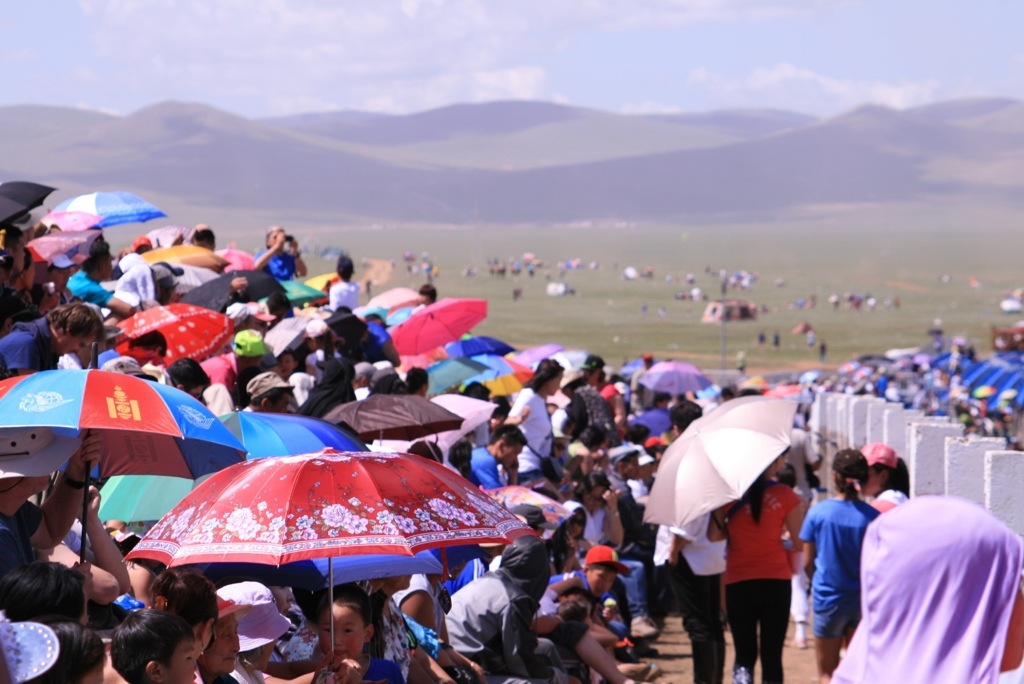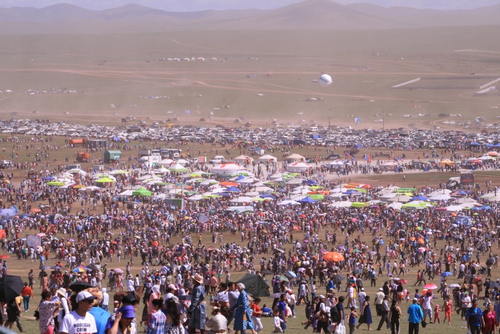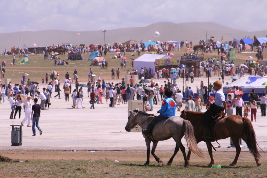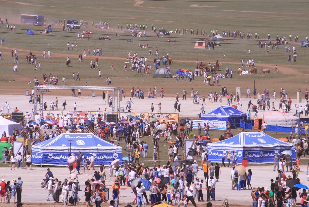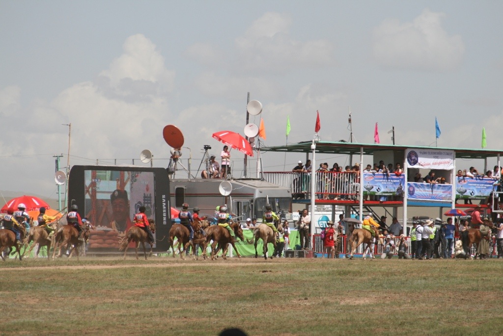 The following day we headed out to watch the horse racing. This was at Hui Doloon Khutang, a long stretch of open ground about 28 km out of town which has long been used as the traditional national horse racing venue. In previous years, it has typically been a ‘parking free for all’ on the surrounding hills, dust clouds enveloping the area as people drive off road to avoid the massive traffic jams. This year they have a new paved road, and designated parking areas (although no one pays attention to ticket permits at all!).
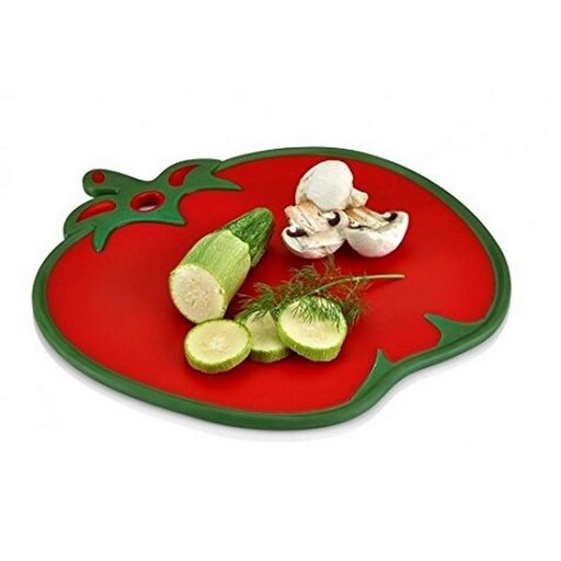 Весела, удобна и много стабилна пластмасова дъска за рязане във формата на домат.
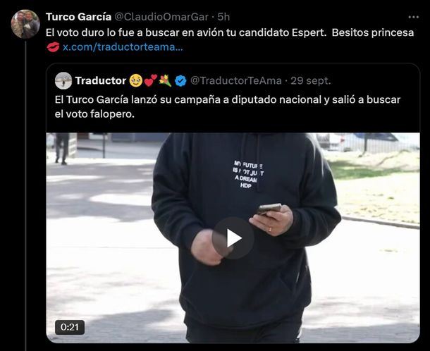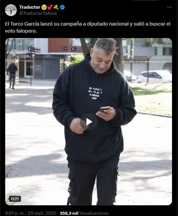 Todo comenzó cuando Esteban Glavinich, más conocido en X como "Traductor Te Ama", citó un video de campaña del exfutbolista y actual candidato a diputado nacional por la Ciudad de Buenos Aires, y manifestó: "El Turco García lanzó su campaña a diputado nacional y salió a buscar el voto falopero".
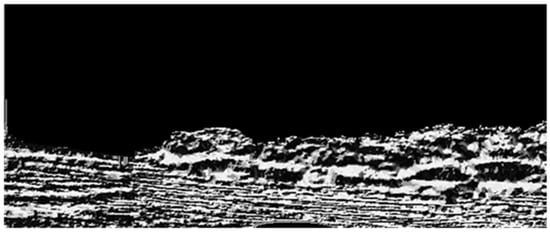 First, we need to define the local searching area. In this paper, we detect a short straight line as the reference line from the LBPs image. Because the texture of water is mostly straight stripes due to waves, rather than circular arcs of trees. It is reasonable to use Hough transformation to extract the straight line, which is the highest and longest, and to define it as the reference line. Then, the reference line is prolonged to intersect the entire image with its slope, and the local searching area is subsequently defined around the referenced line. If the coordinate of the jth row on the reference line is i, we define the searching area along the jth row is [i − Δa, i + Δa]. When we find some unusual peaks appearing on the detected waterline of the first segmentation, we start searching in this scope. Δa can be defined in a real application, and its unit is pixel.
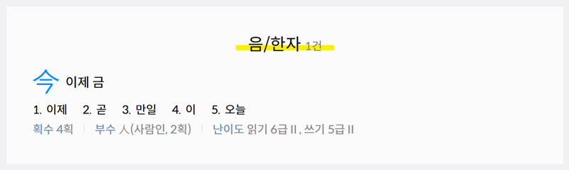 3. 검색 결과에서는 먼저 입력한 음에 해당하는 한자(음/한자)가 나타나며, 대표적인 뜻과 획수, 부수 등의 기본 정보를 보여줍니다.
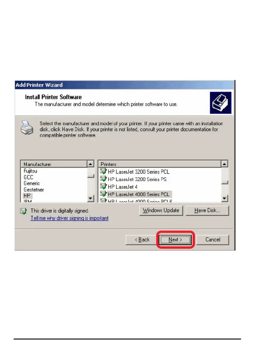 Highlight the printer, as shown. If the desired printer is not on the list, click Have
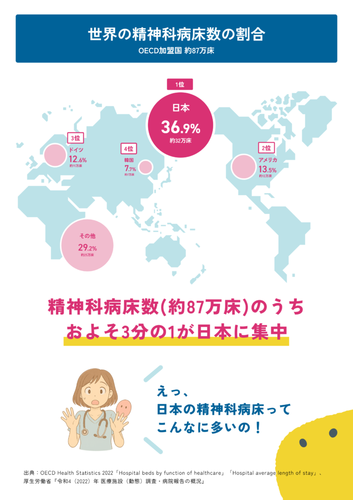 OECD加盟国の約87万床のうち、およそ3分の1が日本に集中しています。
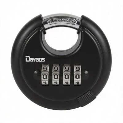 [Sturdy and Durable Padlock]: Reinforced zinc alloy body resists hammer hits, and the 9.5mm hardened steel shackle prevents bolt cutters [Easy to Use]: Set your own 4-digit code in four simple steps using a simple visual guide. Easy to secure your items for keyless ease [High Security Round Design]:Minimizes shackle exposure and allows excellent cut resistance for higher security. padlock dimensions (W x D) 7 x 2.5 cm; shackle diameter 9.5mm; One padlock [Multiple Padlock Applications]:Disc padlock is ideal for locking storage units, garages, sheds, trailers, outdoor gates, doors, moving trucks and more [Weatherproof Lock]: This combination padlock is designed for outdoor use, featuring multiple drain holes to prevent moisture buildup and provide maximum resistance to weather, making it suitable for year-round outdoor use, Manufacturer: DAYGOS
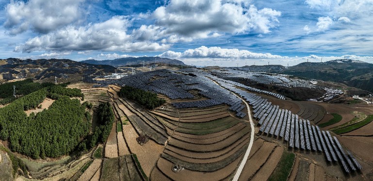 這是3月20日拍攝的云南省巧家縣海壩光伏電站(無人機(jī)照片)。金沙江下游風(fēng)光水儲(chǔ)一體化國(guó)家級(jí)示范基地位于金沙江下游干熱河谷地段,主要依靠當(dāng)?shù)厮婇_發(fā)項(xiàng)目統(tǒng)籌建設(shè)風(fēng)能、太陽能電站。目前,云南省巧家縣海壩、小羊窩等光伏項(xiàng)目已投產(chǎn)發(fā)電。
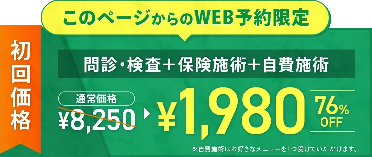 ※初回限定特典を適用される場合は、ご予約時もしくはご来院時にスタッフまでお声がけください。
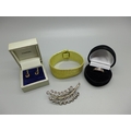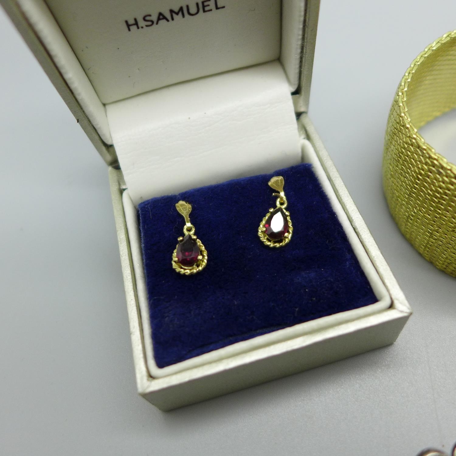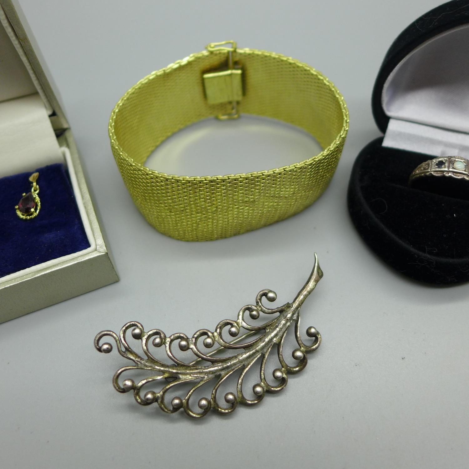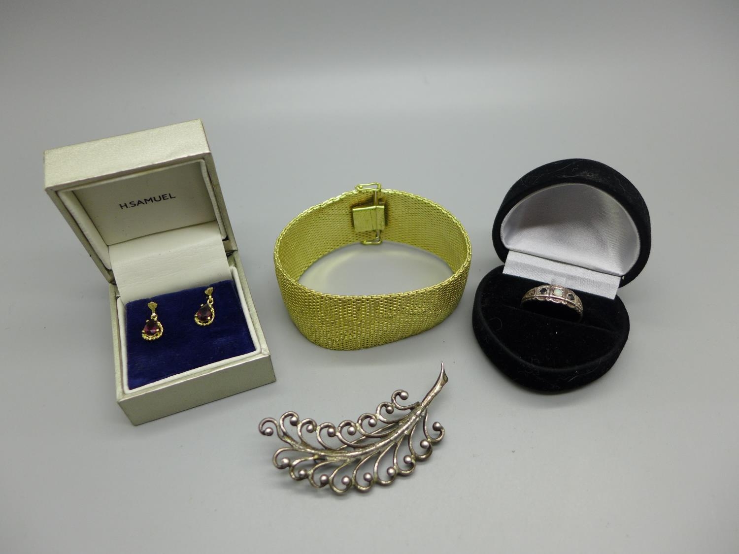 A pair of 9ct gold and garnet earrings, a silver, opal and sapphire ring, a Danecraft silver brooch and a rolled gold bracelet

+---+

Reproduce word for word the lines running from the line with "Highlight the printer, as" through the end of the data, both included, and nothing else; leave out the pictures.

**PROBLEM SOLUTION:**
 Highlight the printer, as shown. If the desired printer is not on the list, click Have
 OECD加盟国の約87万床のうち、およそ3分の1が日本に集中しています。
 [Sturdy and Durable Padlock]: Reinforced zinc alloy body resists hammer hits, and the 9.5mm hardened steel shackle prevents bolt cutters [Easy to Use]: Set your own 4-digit code in four simple steps using a simple visual guide. Easy to secure your items for keyless ease [High Security Round Design]:Minimizes shackle exposure and allows excellent cut resistance for higher security. padlock dimensions (W x D) 7 x 2.5 cm; shackle diameter 9.5mm; One padlock [Multiple Padlock Applications]:Disc padlock is ideal for locking storage units, garages, sheds, trailers, outdoor gates, doors, moving trucks and more [Weatherproof Lock]: This combination padlock is designed for outdoor use, featuring multiple drain holes to prevent moisture buildup and provide maximum resistance to weather, making it suitable for year-round outdoor use, Manufacturer: DAYGOS
 這是3月20日拍攝的云南省巧家縣海壩光伏電站(無人機(jī)照片)。金沙江下游風(fēng)光水儲(chǔ)一體化國(guó)家級(jí)示范基地位于金沙江下游干熱河谷地段,主要依靠當(dāng)?shù)厮婇_發(fā)項(xiàng)目統(tǒng)籌建設(shè)風(fēng)能、太陽能電站。目前,云南省巧家縣海壩、小羊窩等光伏項(xiàng)目已投產(chǎn)發(fā)電。
 ※初回限定特典を適用される場合は、ご予約時もしくはご来院時にスタッフまでお声がけください。
 A pair of 9ct gold and garnet earrings, a silver, opal and sapphire ring, a Danecraft silver brooch and a rolled gold bracelet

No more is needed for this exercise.